(What this task involves) Only the lines from the top of the listing below to the line that has "2017年8月28日,国家科" should be echoed, with both ends kept and pictures left out.

▬▬▬▬▬▬

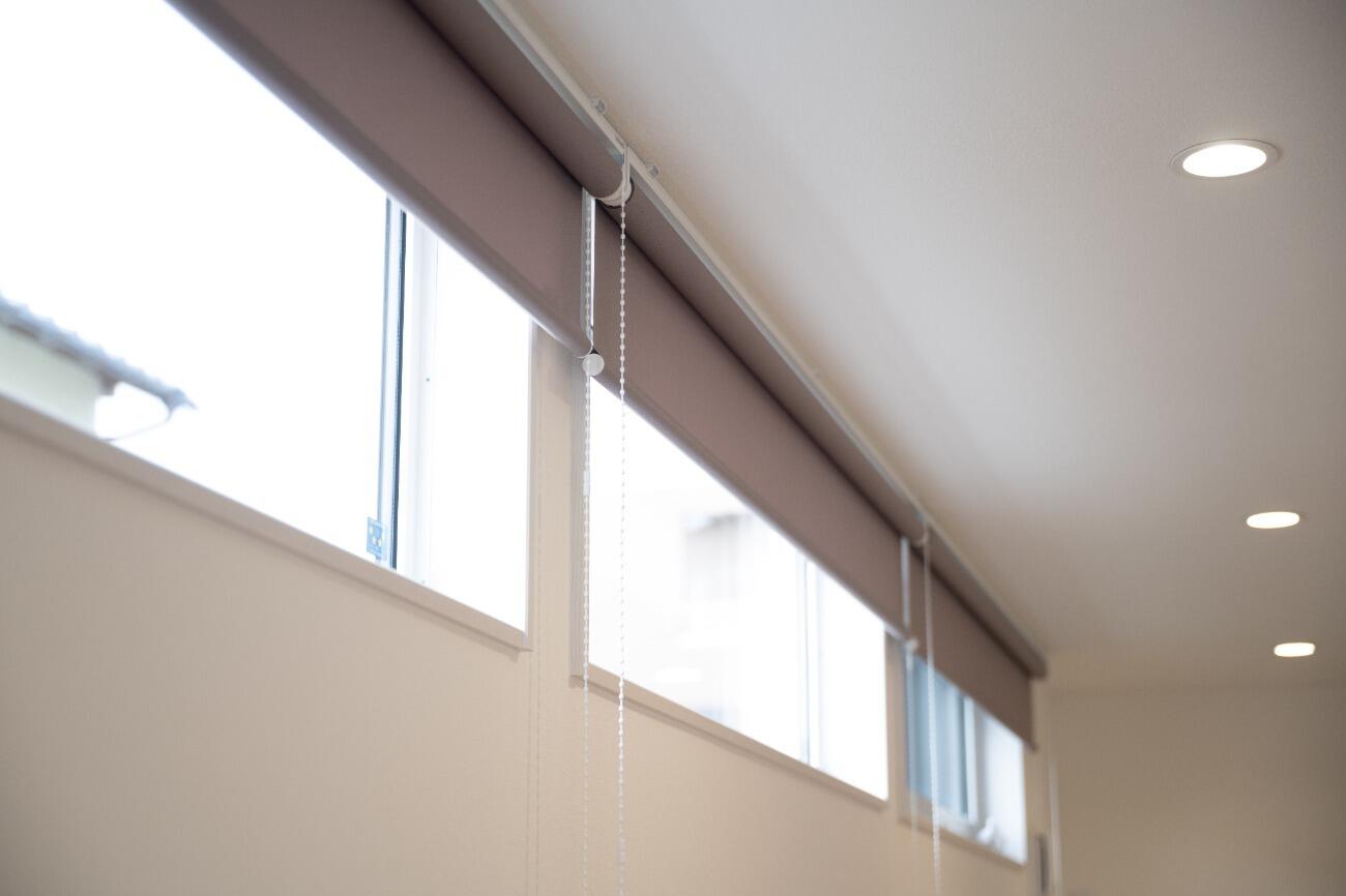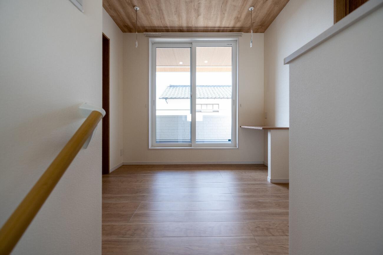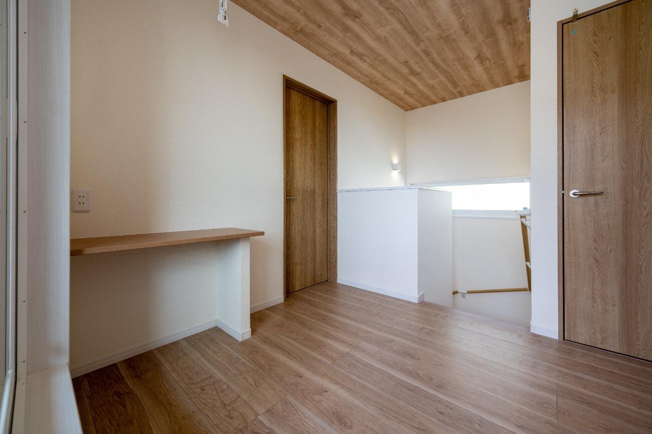 階段上った2階ホール一角にカウンターを設け、天井にはホスクリーンをつけました。 カウンターでは洗濯を物を畳むこともできたり、アイロン掛けもできます。 掃出し窓からそのまま外に洗濯物を外に出すことができ、家事動線もバッチリです!
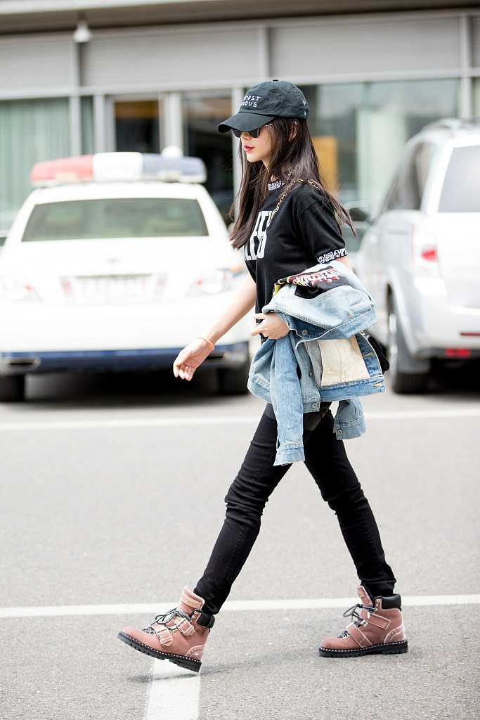 Baby全黑出街"微笑唇"點睛 雙腿細長直
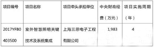 2017年8月28日,国家科技部与上海三思电子工程有限公司签署了《室外智慧照明关键技术及系统集成任务书》。
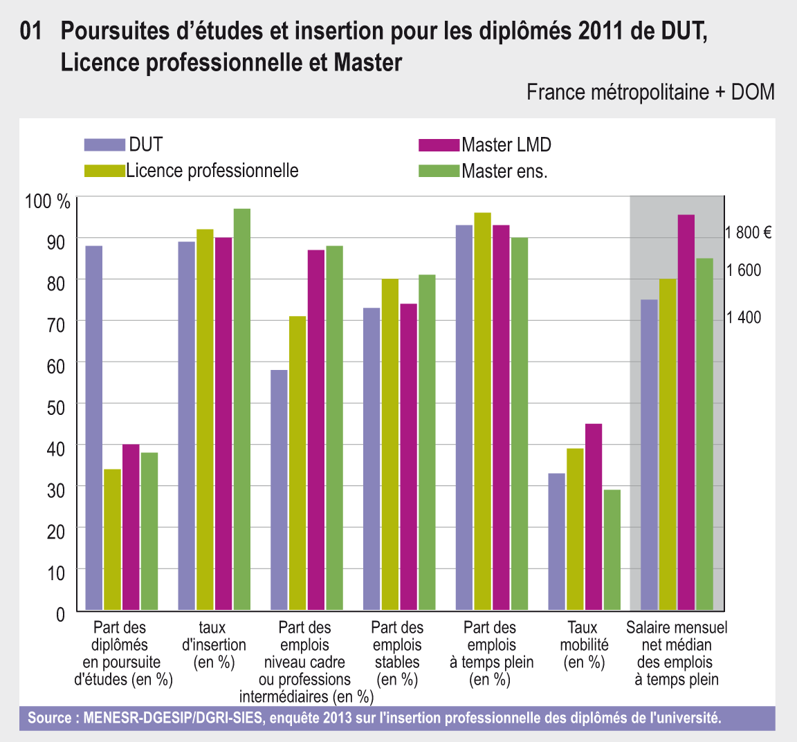 Environ 9 diplômés 2011 sur 10 de Master, Licence professionnelle et DUT sont en emploi en décembre 2013, quelque 30 mois après leur entrée dans la vie active. Les emplois occupés sont à 90 % des emplois à temps plein. Le salaire mensuel net médian des emplois à temps plein atteint 1 910 € pour les diplômés de master. Ce résultat s’accompagne d’une légère augmentation des poursuites d’études après l’obtention du diplôme.
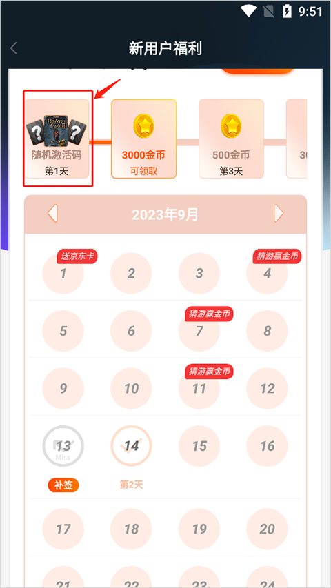 3、在这里可以看到到了第1天、第5天或者第12天等都是可以获得随机激活码。

▬▬▬▬▬▬

(Reply to the task)
 階段上った2階ホール一角にカウンターを設け、天井にはホスクリーンをつけました。 カウンターでは洗濯を物を畳むこともできたり、アイロン掛けもできます。 掃出し窓からそのまま外に洗濯物を外に出すことができ、家事動線もバッチリです!
 Baby全黑出街"微笑唇"點睛 雙腿細長直
 2017年8月28日,国家科技部与上海三思电子工程有限公司签署了《室外智慧照明关键技术及系统集成任务书》。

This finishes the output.